On September 23, 2013, the Company and the Reporting Person entered into a new $3.5 million revolving convertible promissory note (the “New Convertible Note”). The New Convertible Note accrues annual interest, payable annually, at the applicable federal rate as published by the Internal Revenue Service in effect on the date thereof. The Convertible Note must be repaid in full on or before its fifth anniversary (the “Maturity Date”), but may be prepaid by the Company at any time without penalty. The outstanding principal amount of the Convertible Note is convertible at any time prior to the Maturity Date, at the Reporting Person’s option, into shares of Common Stock at a fixed conversion price of $0.89 per share (equivalent to up to 3,932,583 shares of Common Stock). There currently is $1.0 million in principal outstanding under the New Convertible Note.

 

Item 4. Purpose of Transaction.

 

All securities of the Reporting Person currently owned by the Reporting Person were acquired by the Reporting Person as an investment. The Reporting Person has not formulated any plans or proposals of the types referred to in clauses (a) through (j) of Item 4 of Schedule 13D except as set forth below.

 

The Reporting Person is, however, the Chairman of the Company’s Board of Directors and its largest stockholder. In addition, the Reporting Person has had, and from time to time may seek to continue to have, discussions with representatives of the Company to discuss general business issues relating to the Company as well as his opinions regarding stockholder value.

 

The Reporting Person may, from time to time and at any time, acquire additional shares of Common Stock and/or other equity, debt or other securities (collectively, “Securities”) of the Company in the open market or otherwise and reserves the right to dispose of any or all of his Securities in the open market or otherwise, at any time and from time to time, and to engage in any hedging or similar transactions with respect to the Securities.

 

Item 5. Interest in Securities of the Issuer.

 

(a) The Reporting Person beneficially owns 28,256,608 shares of Common Stock. The Reporting Person’s ownership constitutes 42.9% of the aggregate of 65,860,733 shares of Common Stock (i) issued and outstanding as of September 30, 2013 (46,189,852 shares of Common Stock), (ii) issuable upon conversion of the current principal balance outstanding of $20.0 million under the First Convertible Note (16,666,666 shares of Common Stock), (iii) issuable upon conversion of the current principal balance outstanding of $1.0 million under the New Convertible Note (1,123,595 shares of Common Stock), and (iv) issuable upon exercise of 1,880,620 Common Stock warrants that are presently exercisable (1,880,620 shares of Common Stock).

 

(b) The Reporting Person has the sole voting power and power to dispose of 8,585,727 shares of Common Stock and, upon (i) the conversion of the current principal balance outstanding of $20.0 million under the First Convertible Note, (ii) the conversion of the current principal balance of $1.0 million under the Second Convertible Note and (iii) the exercise of the warrants described in (a) above, would have the sole voting power and power to dispose of 28,256,608 shares of Common Stock.

 

(c) In the past 60 days, the Reporting Person has purchased 114,682 shares of Common Stock through open market purchases.

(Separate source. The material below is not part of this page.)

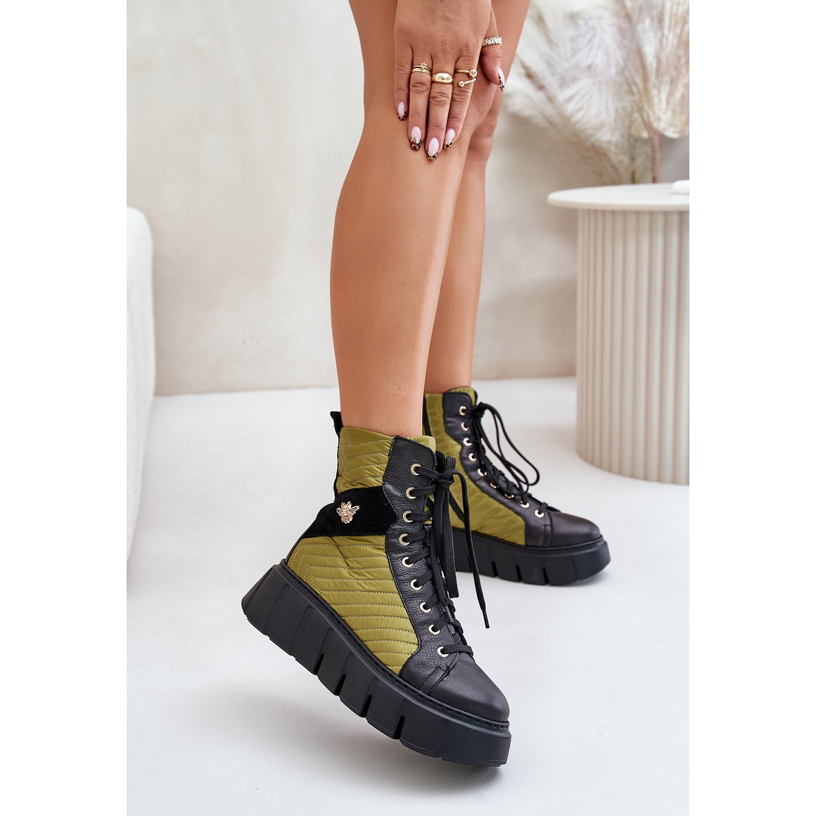 Beállítva egy szilárd platformon, amelynek magassága 4,5 cm, a Boots a funkcionalitást és a divatos stílusú kombinációt kombinálja. A cipzár rögzítésének és a kötésnek köszönhetően számíthat a tökéletes illeszkedésre, valamint a könnyű felállításra. A cipő belseje, amely egy lábbeli takaróval van szigetelve, kiváló választássá teszi őket a hűvösebb napokhoz, és kényelmet kínálva még hosszabb viselkedés során.

The following is a listing of such transactions:

 

 
 

 

 

SCHEDULE 13D/A

 

CUSIP No. 927912105

 

 

Page 7 of 8

 

 

 

Shares of Common

 

Transaction Date

Stock Acquired

Transaction Type

     

August 15, 2013

15,000

Open market purchase

August 16, 2013

10,000

Open market purchase

August 19, 2013

8,325

Open market purchase

August 19, 2013

6,700

Open market purchase

August 20, 2013

1,596

Open market purchase

August 22, 2013

5,000

Open market purchase

August 23, 2013

5,000

Open market purchase

August 26, 2013

9,965

Open market purchase

August 27, 2013

5,000

Open market purchase

August 28, 2013

1,232

Open market purchase

August 29, 2013

1,100

Open market purchase

August 30, 2013

9,200

Open market purchase

September 3, 2013

1,000

Open market purchase

September 6, 2013

5,000

Open market purchase

September 9, 2013

4,564

Open market purchase

September 10, 2013

5,000

Open market purchase

September 12, 2013

6,000

Open market purchase

September 13, 2013

5,000

Open market purchase

September 17, 2013

5,000

Open market purchase

September 18, 2013

5,000

Open market purchase

 

(d) Not applicable.

 

(e) Not applicable.

 

Item 6. Contracts, Arrangements, Understandings or Relationships with Respect to Securities of the Issuer.

 

Except as set forth in (i) the Reporting Person’s Schedule 13D dated February 4, 2003 (ii) the Reporting Person’s Amendment No. 1 to Schedule 13D filed on April 7, 2003, (iii) the Reporting Person’s Amendment No. 2 to Schedule 13D filed on February 25, 2005, (iv) Amendment No. 3 to Schedule 13D filed December 19, 2012, (v) and this Amendment No. 4, and (vi) the exhibits attached thereto, there are no contracts, arrangements, understandings or relationships (legal or otherwise) among the Reporting Person, any other person or the Company with respect to any securities of the Company, including but not limited to transfer or voting of any securities of the Company, finder’s fees, joint ventures, loan or option arrangements, puts or calls, guarantees of profits, division of profits or loss, or the giving or withholding of proxies.

 

 
 

 

 

SCHEDULE 13D/A

 

CUSIP No. 927912105

 

 

Page 8 of 8

 

 

Item 7. Material to be Filed as Exhibits.

 

1. Convertible Promissory Note made by Vision-Sciences, Inc. in favor of Lewis C. Pell, dated as of September 25, 2013 (incorporated by reference to Exhibit 10.1 to the Company’s Current Report on Form 8-K, filed with the SEC on September 30, 2013).

 

Signature. After reasonable inquiry and to the best of my knowledge and belief, I certify that the information set forth in this statement is true, complete and correct.

 

/s/ Lewis C. Pell     

Lewis C. Pell

Reporting Person

 

 

Date: October 15, 2013

 

The original statement shall be signed by each person on whose behalf the statement is filed or his authorized representative. If the statement is signed on behalf of a person by his authorized representative (other than an executive officer or general partner of the filing person), evidence of the representative’s authority to sign on behalf of such person shall be filed with the statement: Provided, however, That a power of attorney for this purpose which is already on file with the Commission may be incorporated by reference. The name and any title of each person who signs the statement shall be typed or printed beneath his signature.

 

Attention—Intentional misstatements or omissions of fact constitute federal criminal violations (See 18 U.S.C. 1001).